• [Problem statement]
Would you retype, word for word, the line with "RM233 x 3 Months" and each line after it to the end of the entries below, leaving the pictures out?

***** Material supplied *****

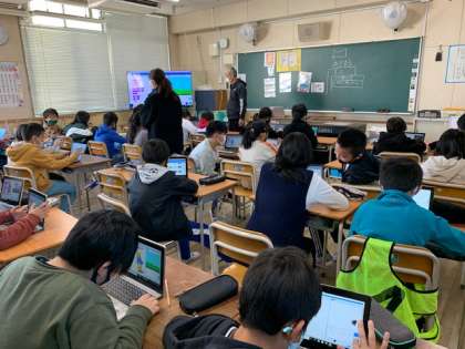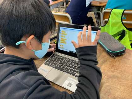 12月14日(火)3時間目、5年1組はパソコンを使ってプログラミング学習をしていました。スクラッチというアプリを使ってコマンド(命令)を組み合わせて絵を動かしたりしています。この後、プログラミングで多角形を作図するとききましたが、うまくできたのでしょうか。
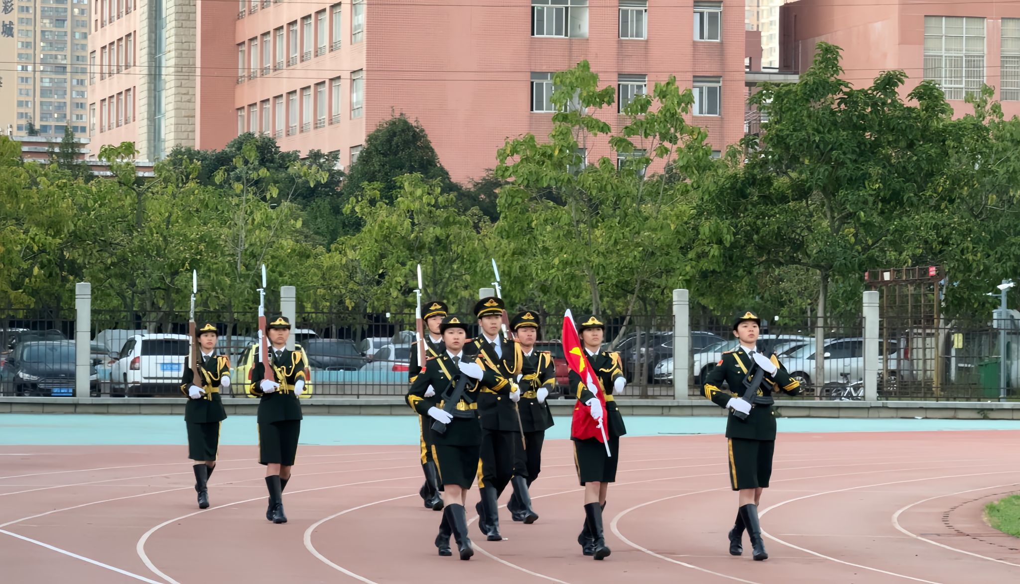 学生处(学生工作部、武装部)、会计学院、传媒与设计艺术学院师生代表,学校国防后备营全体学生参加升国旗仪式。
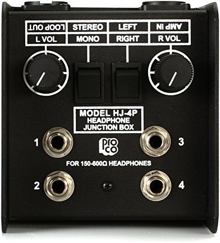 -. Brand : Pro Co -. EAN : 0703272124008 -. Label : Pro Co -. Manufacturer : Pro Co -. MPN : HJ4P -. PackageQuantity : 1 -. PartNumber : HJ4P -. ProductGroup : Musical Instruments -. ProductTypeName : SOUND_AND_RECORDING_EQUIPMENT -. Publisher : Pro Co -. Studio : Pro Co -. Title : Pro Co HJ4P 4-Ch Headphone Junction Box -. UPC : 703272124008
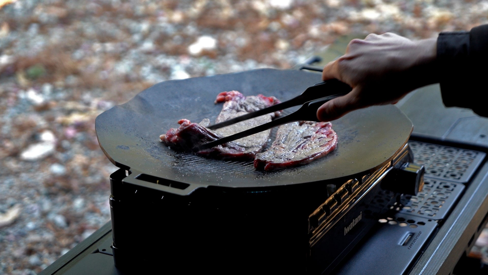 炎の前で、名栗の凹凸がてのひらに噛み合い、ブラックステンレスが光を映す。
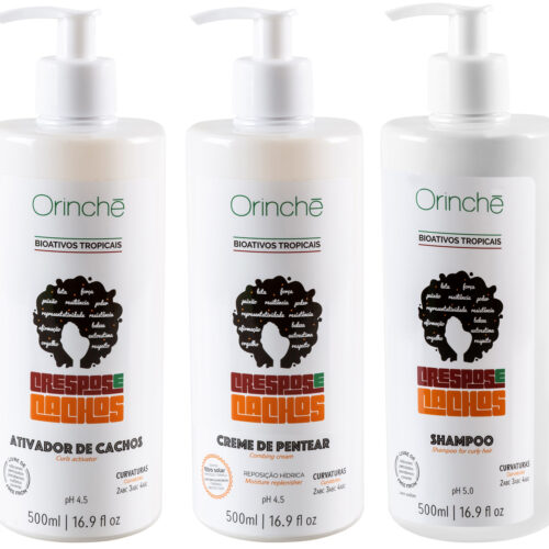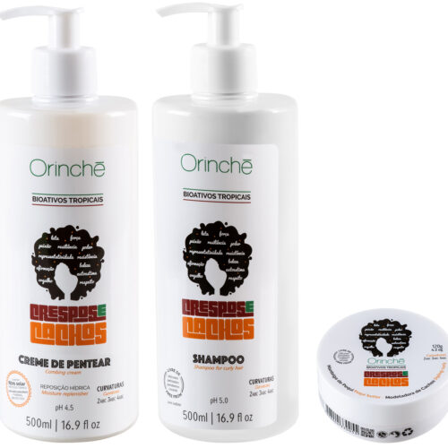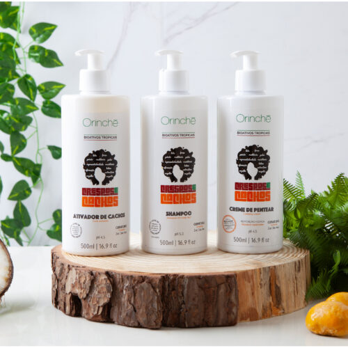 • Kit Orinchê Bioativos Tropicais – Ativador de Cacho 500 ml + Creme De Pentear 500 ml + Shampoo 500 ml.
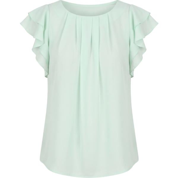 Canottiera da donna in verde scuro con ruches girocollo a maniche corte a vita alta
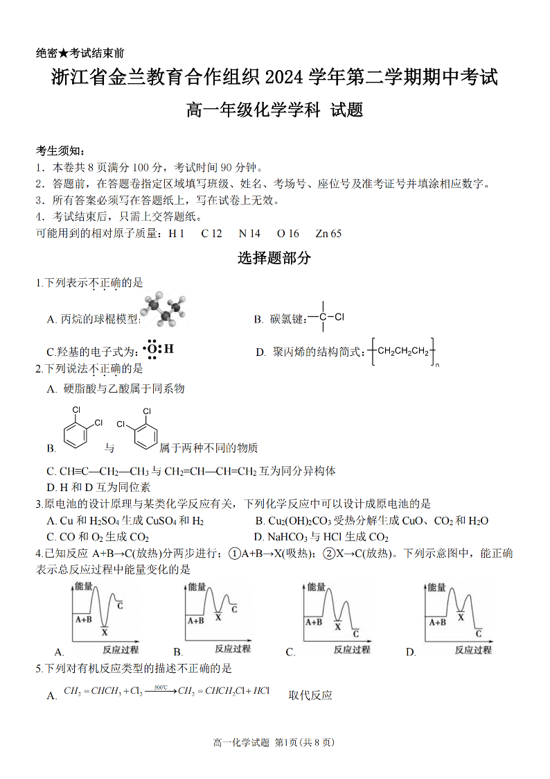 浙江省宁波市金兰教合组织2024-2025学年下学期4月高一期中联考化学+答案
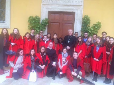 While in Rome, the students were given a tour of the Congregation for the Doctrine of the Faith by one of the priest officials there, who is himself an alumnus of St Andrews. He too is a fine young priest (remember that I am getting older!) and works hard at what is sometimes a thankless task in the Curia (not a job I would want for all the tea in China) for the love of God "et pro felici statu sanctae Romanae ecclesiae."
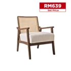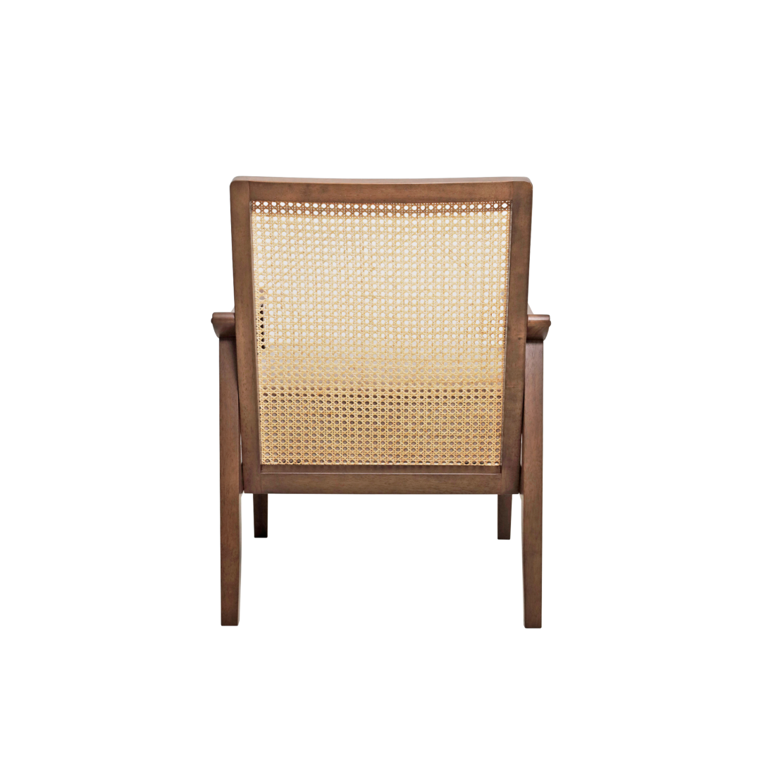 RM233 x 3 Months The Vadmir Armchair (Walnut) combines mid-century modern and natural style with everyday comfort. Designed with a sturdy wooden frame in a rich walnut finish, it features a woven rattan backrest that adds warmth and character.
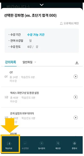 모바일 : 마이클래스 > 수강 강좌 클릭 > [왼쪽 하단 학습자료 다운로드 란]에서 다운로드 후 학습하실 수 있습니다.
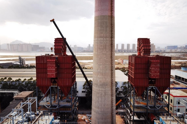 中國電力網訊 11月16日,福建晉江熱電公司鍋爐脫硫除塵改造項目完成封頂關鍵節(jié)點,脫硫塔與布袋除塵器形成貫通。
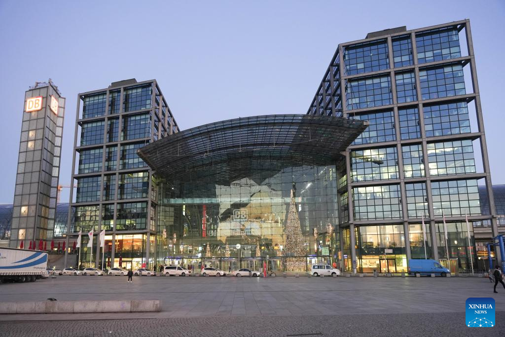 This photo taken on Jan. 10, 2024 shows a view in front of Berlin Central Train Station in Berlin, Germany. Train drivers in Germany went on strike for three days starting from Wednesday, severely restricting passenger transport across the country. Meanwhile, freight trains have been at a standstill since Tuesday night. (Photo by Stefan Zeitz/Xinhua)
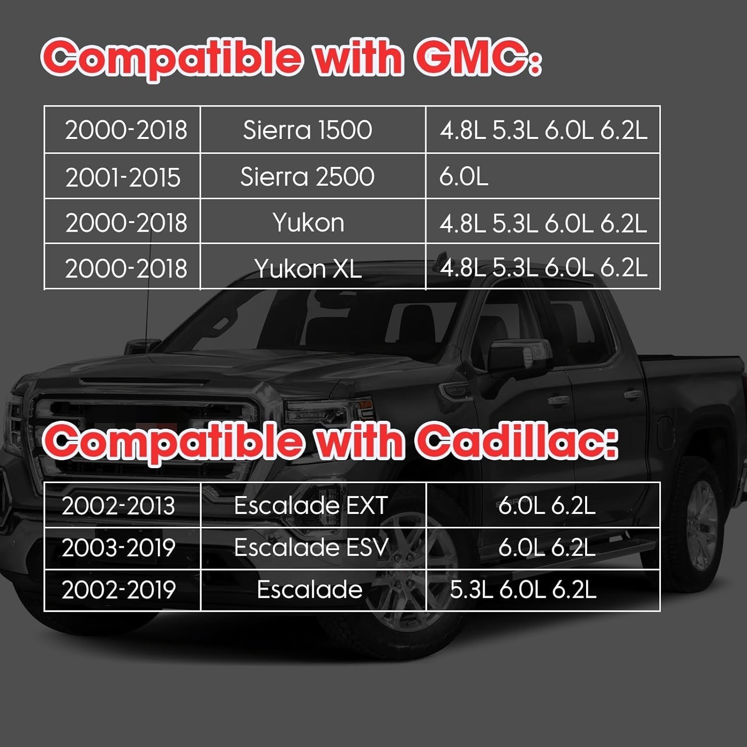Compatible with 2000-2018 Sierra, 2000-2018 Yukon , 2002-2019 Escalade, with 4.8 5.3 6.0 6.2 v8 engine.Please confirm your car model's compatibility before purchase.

*****

• [Response box]
 RM233 x 3 Months The Vadmir Armchair (Walnut) combines mid-century modern and natural style with everyday comfort. Designed with a sturdy wooden frame in a rich walnut finish, it features a woven rattan backrest that adds warmth and character.
 모바일 : 마이클래스 > 수강 강좌 클릭 > [왼쪽 하단 학습자료 다운로드 란]에서 다운로드 후 학습하실 수 있습니다.
 中國電力網訊 11月16日,福建晉江熱電公司鍋爐脫硫除塵改造項目完成封頂關鍵節(jié)點,脫硫塔與布袋除塵器形成貫通。
 This photo taken on Jan. 10, 2024 shows a view in front of Berlin Central Train Station in Berlin, Germany. Train drivers in Germany went on strike for three days starting from Wednesday, severely restricting passenger transport across the country. Meanwhile, freight trains have been at a standstill since Tuesday night. (Photo by Stefan Zeitz/Xinhua)
Compatible with 2000-2018 Sierra, 2000-2018 Yukon , 2002-2019 Escalade, with 4.8 5.3 6.0 6.2 v8 engine.Please confirm your car model's compatibility before purchase.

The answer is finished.